### Brief
Exactly the lines below from the line with "活動中,市安委辦負(fù)責" through the line with "Rank Đơn: Bạch" must make up the answer, both ends included and pictures left out.

### Recorded information
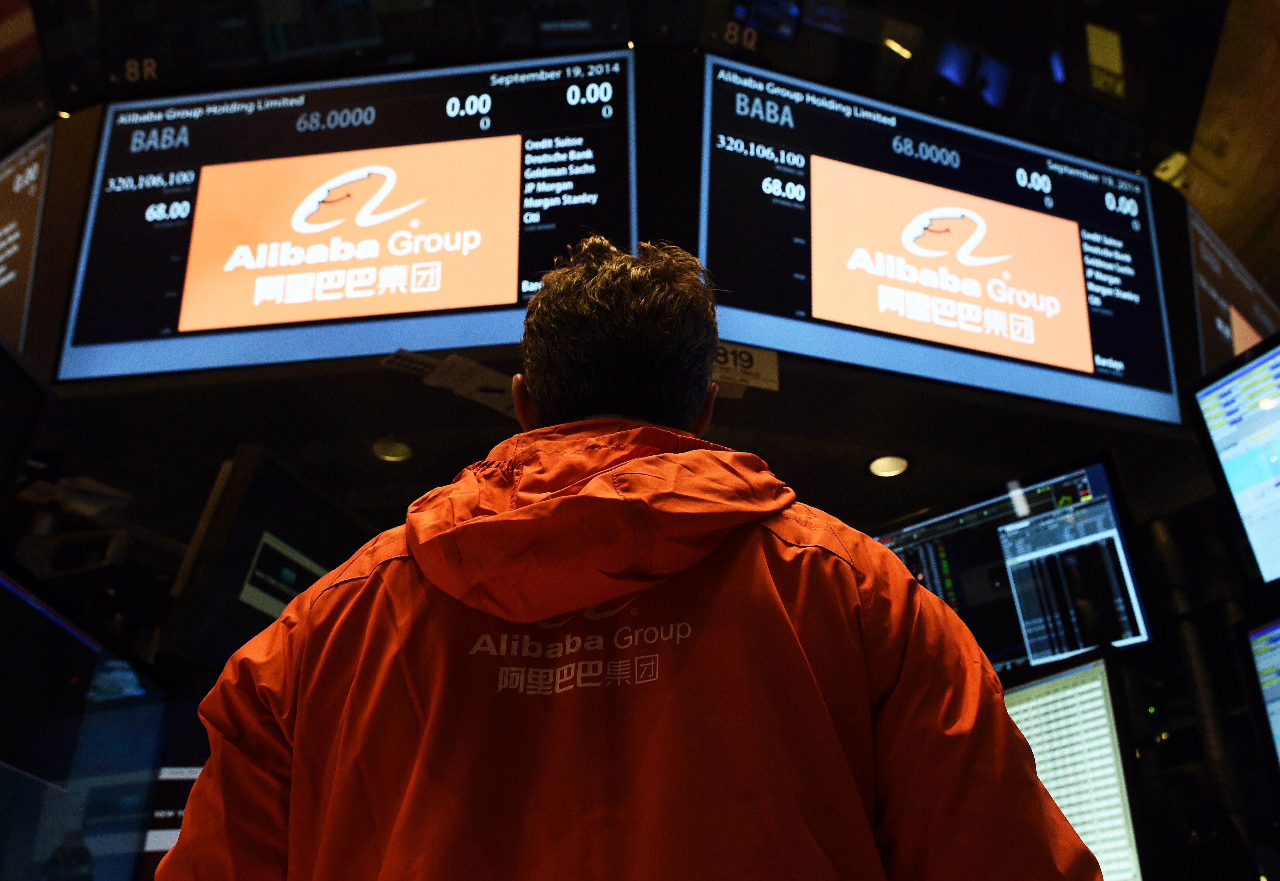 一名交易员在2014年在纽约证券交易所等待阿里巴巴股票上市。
---
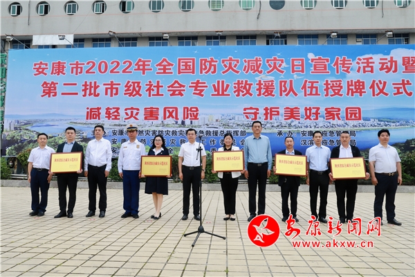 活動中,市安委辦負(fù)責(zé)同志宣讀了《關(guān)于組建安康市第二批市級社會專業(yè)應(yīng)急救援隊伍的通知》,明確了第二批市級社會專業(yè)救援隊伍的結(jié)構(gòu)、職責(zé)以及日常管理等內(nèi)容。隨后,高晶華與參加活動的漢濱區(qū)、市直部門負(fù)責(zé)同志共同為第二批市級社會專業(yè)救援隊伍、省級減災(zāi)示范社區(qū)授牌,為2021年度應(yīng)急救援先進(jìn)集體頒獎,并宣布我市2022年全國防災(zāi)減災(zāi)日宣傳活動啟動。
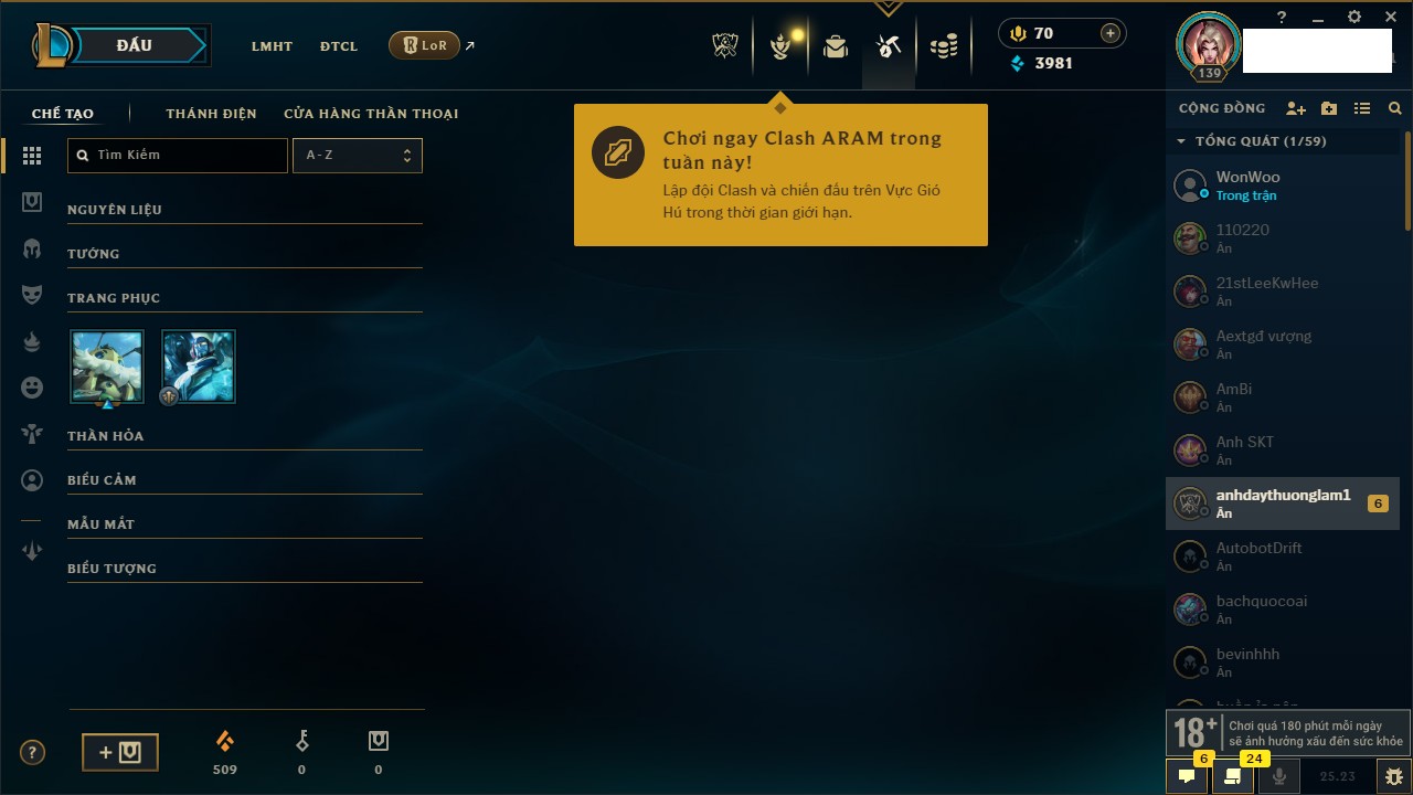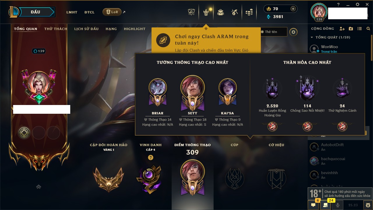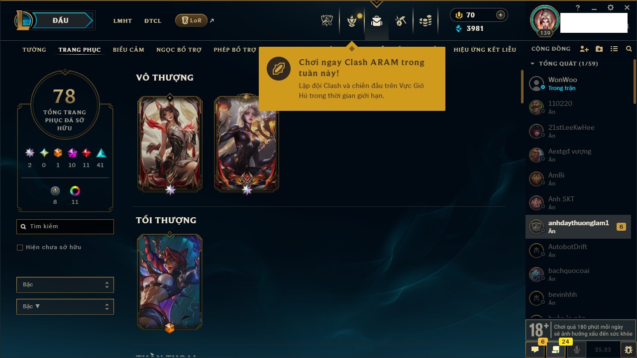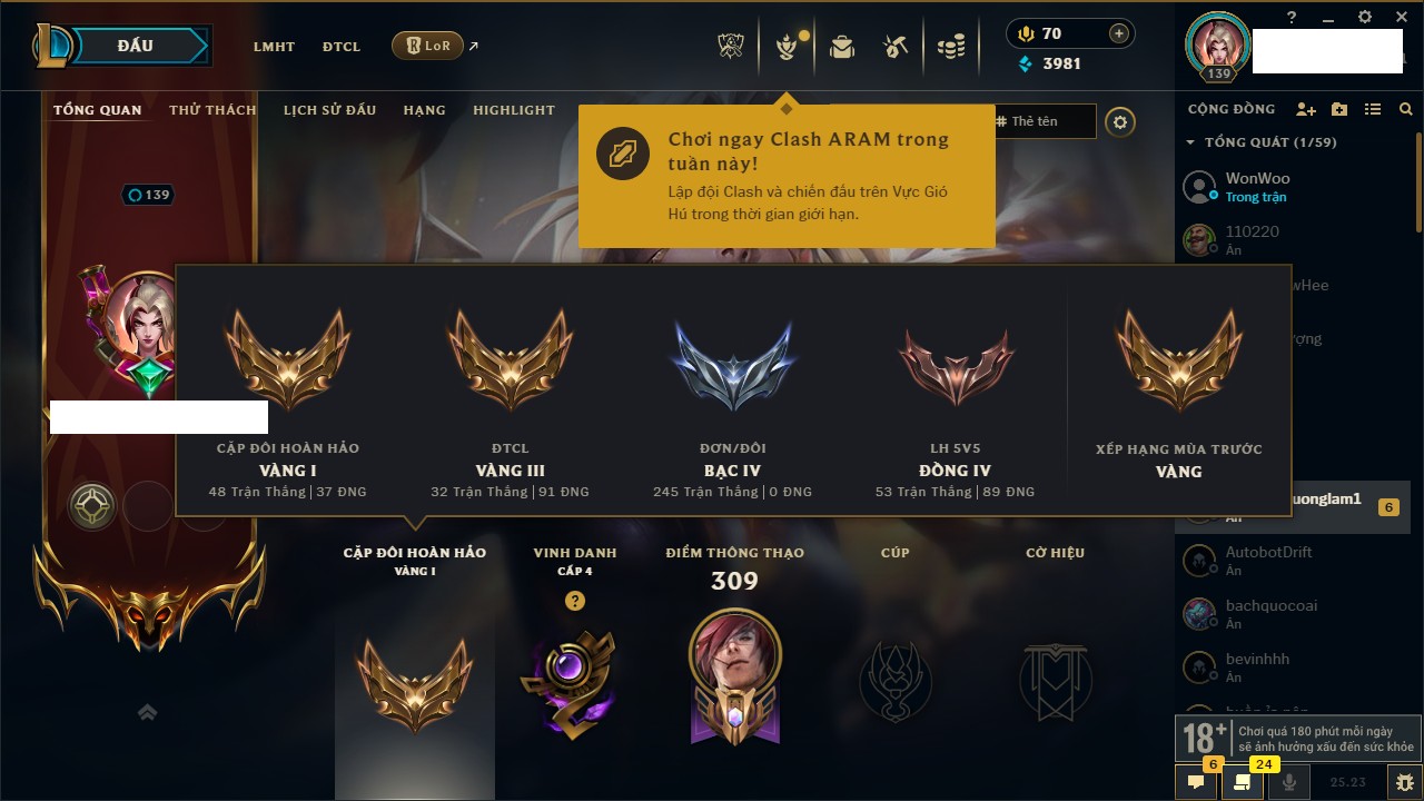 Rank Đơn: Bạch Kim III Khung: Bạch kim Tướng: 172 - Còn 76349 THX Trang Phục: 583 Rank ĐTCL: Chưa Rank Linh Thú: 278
* * *
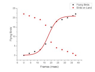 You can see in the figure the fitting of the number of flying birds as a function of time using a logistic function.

### Output
 活動中,市安委辦負(fù)責(zé)同志宣讀了《關(guān)于組建安康市第二批市級社會專業(yè)應(yīng)急救援隊伍的通知》,明確了第二批市級社會專業(yè)救援隊伍的結(jié)構(gòu)、職責(zé)以及日常管理等內(nèi)容。隨后,高晶華與參加活動的漢濱區(qū)、市直部門負(fù)責(zé)同志共同為第二批市級社會專業(yè)救援隊伍、省級減災(zāi)示范社區(qū)授牌,為2021年度應(yīng)急救援先進(jìn)集體頒獎,并宣布我市2022年全國防災(zāi)減災(zāi)日宣傳活動啟動。
 Rank Đơn: Bạch Kim III Khung: Bạch kim Tướng: 172 - Còn 76349 THX Trang Phục: 583 Rank ĐTCL: Chưa Rank Linh Thú: 278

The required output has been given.